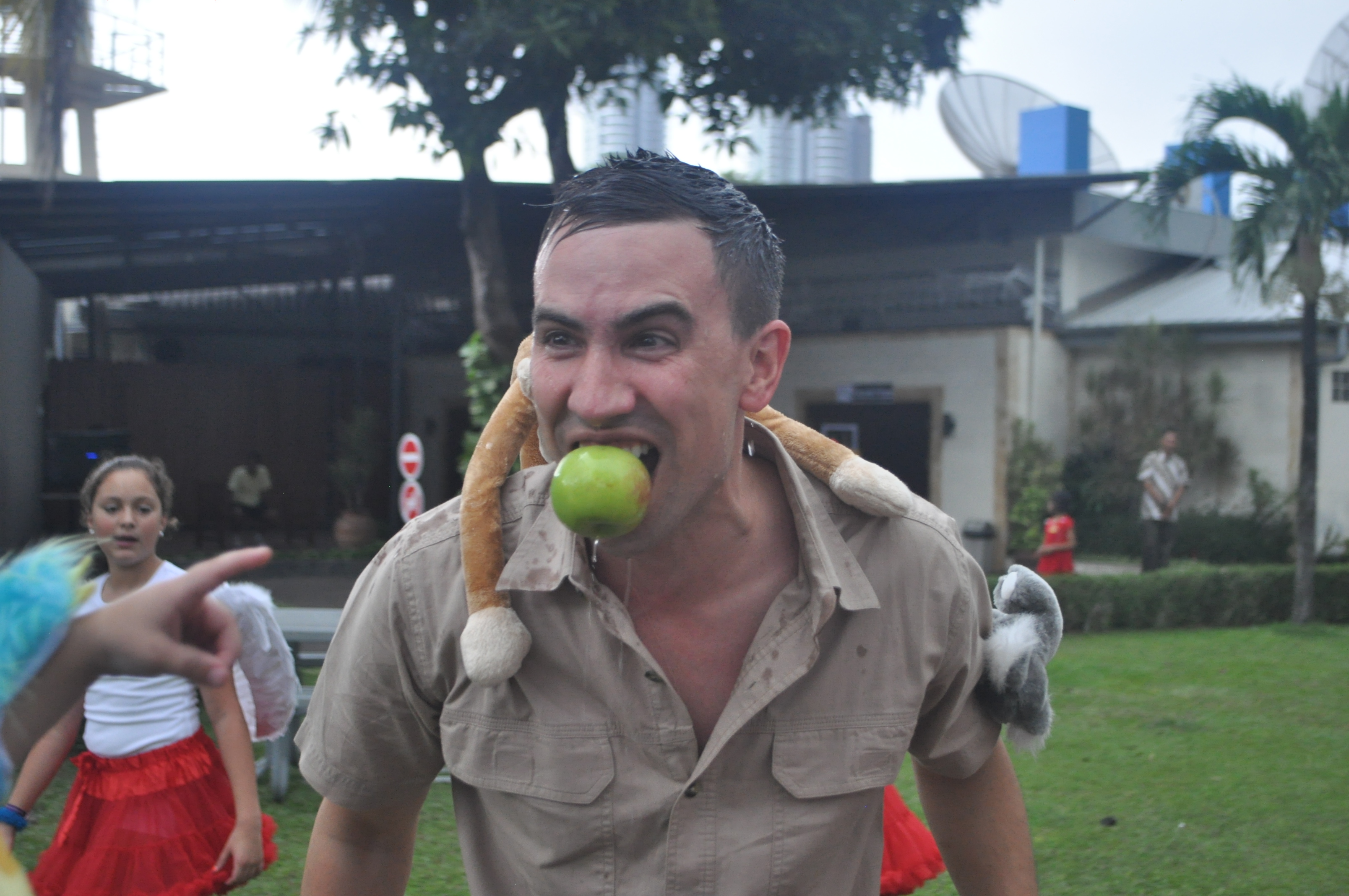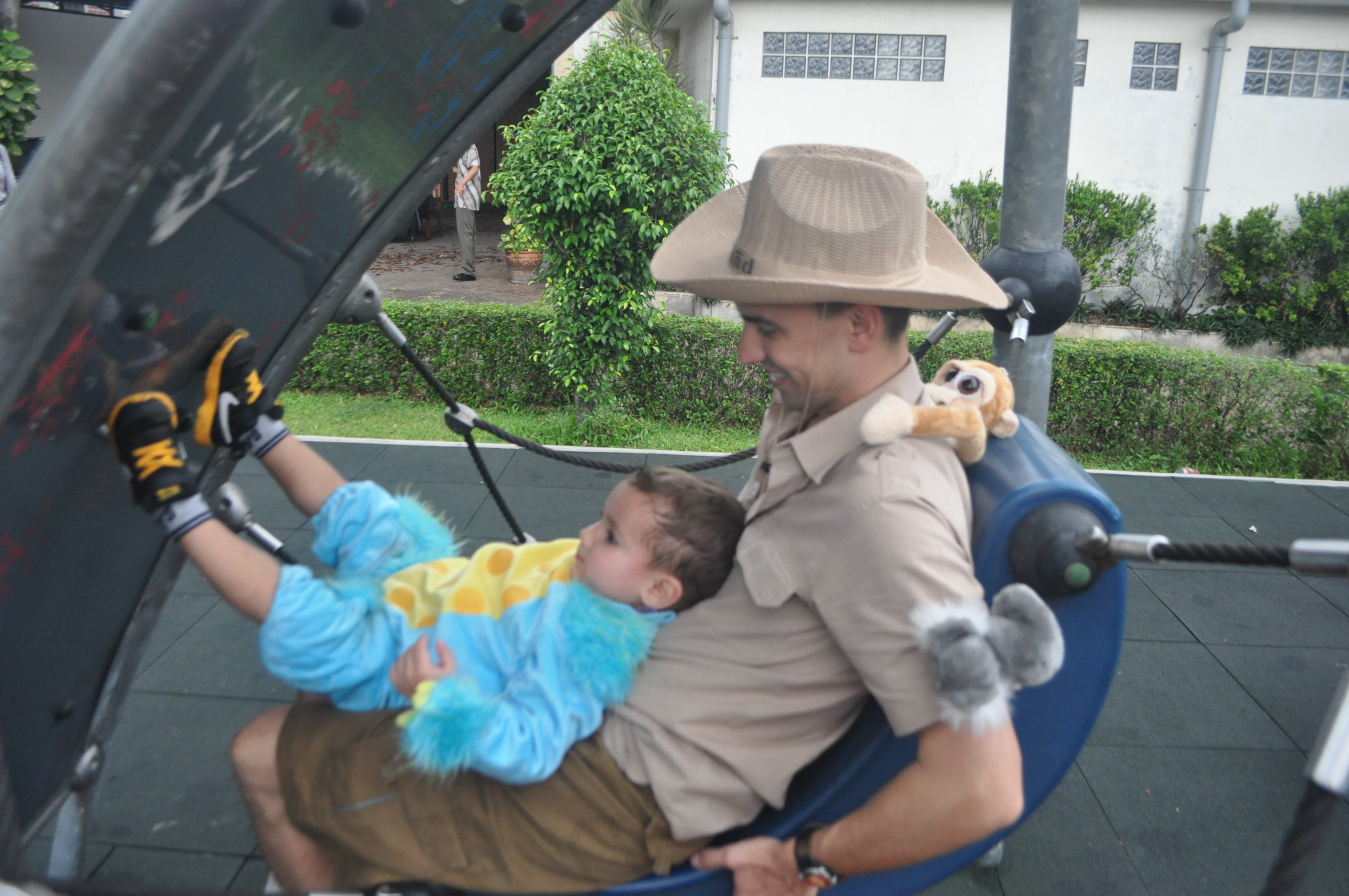It looks like we are back (almost)! I got my new computer last week the only problem is that I haven’t been able to install any programs because I got a MacBook Air and it doesn’t have a CD drive!!! I’m working on downloading stuff back in but it’s taking a while with my very slow internet connection. I hope to be back in business this week since I really want to recover my pictures and documents. In the meantime I leave you with some pictures of a very fun Halloween Party at the American Club and of a Tortilla Making Session with the perfect sous-chef Evan.
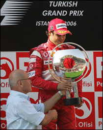 F1 Türkiye GP’sine Soruşturma İstanbul’da düzenlenen Formula 1 Petrol Ofisi Türkiye Grand Prix’sinde birinci gelen Ferrari pilotu Felipe Massa’ya kupayı KKTC Cumhurbaşkanı Mehmet Ali Talat’ın vermesi, kriz yarattı. Uluslararası Otomobil Federasyonu FIA’nın sözcüsü, Türkiye’nin siyasi tarafsızlık ilkesini ihlal etmiş olabileceği endişesiyle geniş kapsamlı bir soruşturma başlatıldığını söyledi. |
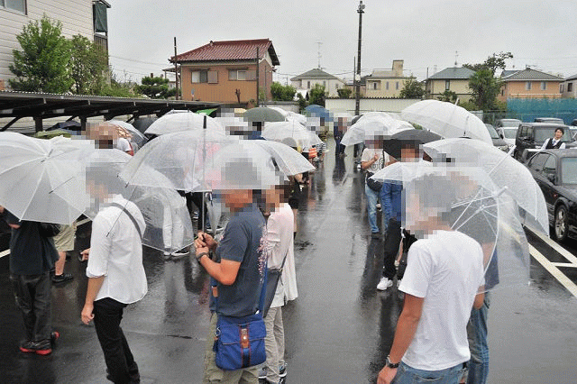 | 冷たい雨が降る中、今日の戦いに闘志を燃やす、300名以上のファンの行列! | |
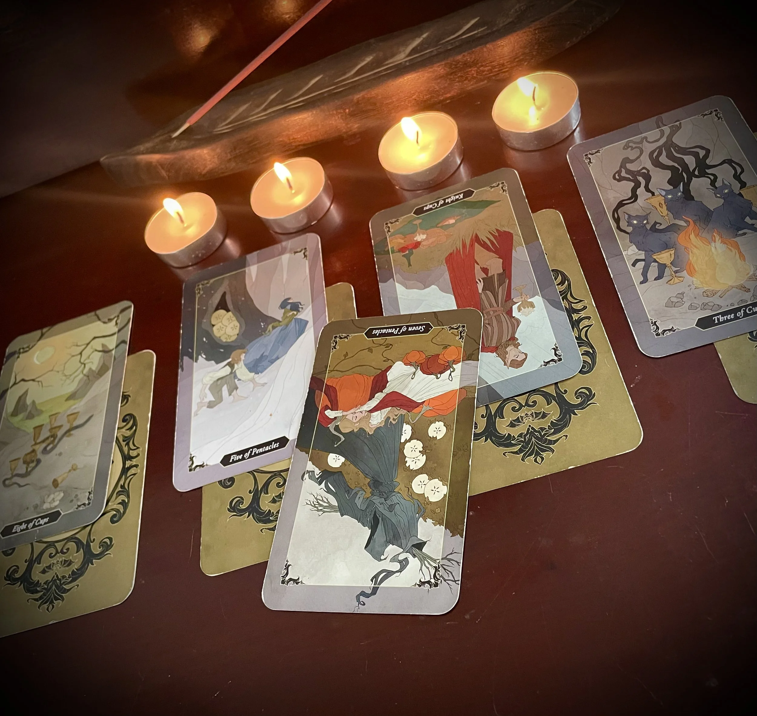 The troll under the bridge demands a fee. Bridges transform us, and connect us into new realities. If the river is the deep and rushing darkness, traversing this threshold will demand an offering. So, it’s best to get ahead of the game and come prepared. Let’s figure out what we need to sacrifice. Dig deep into meditation with your spirit guides, with the intention of revealing any positive attributes you may have forgotten. Let your guides reinvigorate you and remind of all the reasons why you can traverse this change. The vampires mentioned above are represented with the troll pictured on this deck’s four. Pay the toll, get the blood to where it needs to go- but make it the last time. Burn the bridge after you cross it, and the troll can no longer demand payments they haven’t earned. It’s going to be okay, because you aren’t going turn back this time, you’re going to chase after what you love.
■ ■ ■ ■ ■ ■ ■
◆ WHAT THE TASK REQUIRES
When you retype the material above, copy each line exactly and drop whatever images appear in it.

◆ ANSWER TO THIS EXERCISE
It looks like we are back (almost)! I got my new computer last week the only problem is that I haven’t been able to install any programs because I got a MacBook Air and it doesn’t have a CD drive!!! I’m working on downloading stuff back in but it’s taking a while with my very slow internet connection. I hope to be back in business this week since I really want to recover my pictures and documents. In the meantime I leave you with some pictures of a very fun Halloween Party at the American Club and of a Tortilla Making Session with the perfect sous-chef Evan.
 F1 Türkiye GP’sine Soruşturma İstanbul’da düzenlenen Formula 1 Petrol Ofisi Türkiye Grand Prix’sinde birinci gelen Ferrari pilotu Felipe Massa’ya kupayı KKTC Cumhurbaşkanı Mehmet Ali Talat’ın vermesi, kriz yarattı. Uluslararası Otomobil Federasyonu FIA’nın sözcüsü, Türkiye’nin siyasi tarafsızlık ilkesini ihlal etmiş olabileceği endişesiyle geniş kapsamlı bir soruşturma başlatıldığını söyledi. |
 | 冷たい雨が降る中、今日の戦いに闘志を燃やす、300名以上のファンの行列! | |
 The troll under the bridge demands a fee. Bridges transform us, and connect us into new realities. If the river is the deep and rushing darkness, traversing this threshold will demand an offering. So, it’s best to get ahead of the game and come prepared. Let’s figure out what we need to sacrifice. Dig deep into meditation with your spirit guides, with the intention of revealing any positive attributes you may have forgotten. Let your guides reinvigorate you and remind of all the reasons why you can traverse this change. The vampires mentioned above are represented with the troll pictured on this deck’s four. Pay the toll, get the blood to where it needs to go- but make it the last time. Burn the bridge after you cross it, and the troll can no longer demand payments they haven’t earned. It’s going to be okay, because you aren’t going turn back this time, you’re going to chase after what you love.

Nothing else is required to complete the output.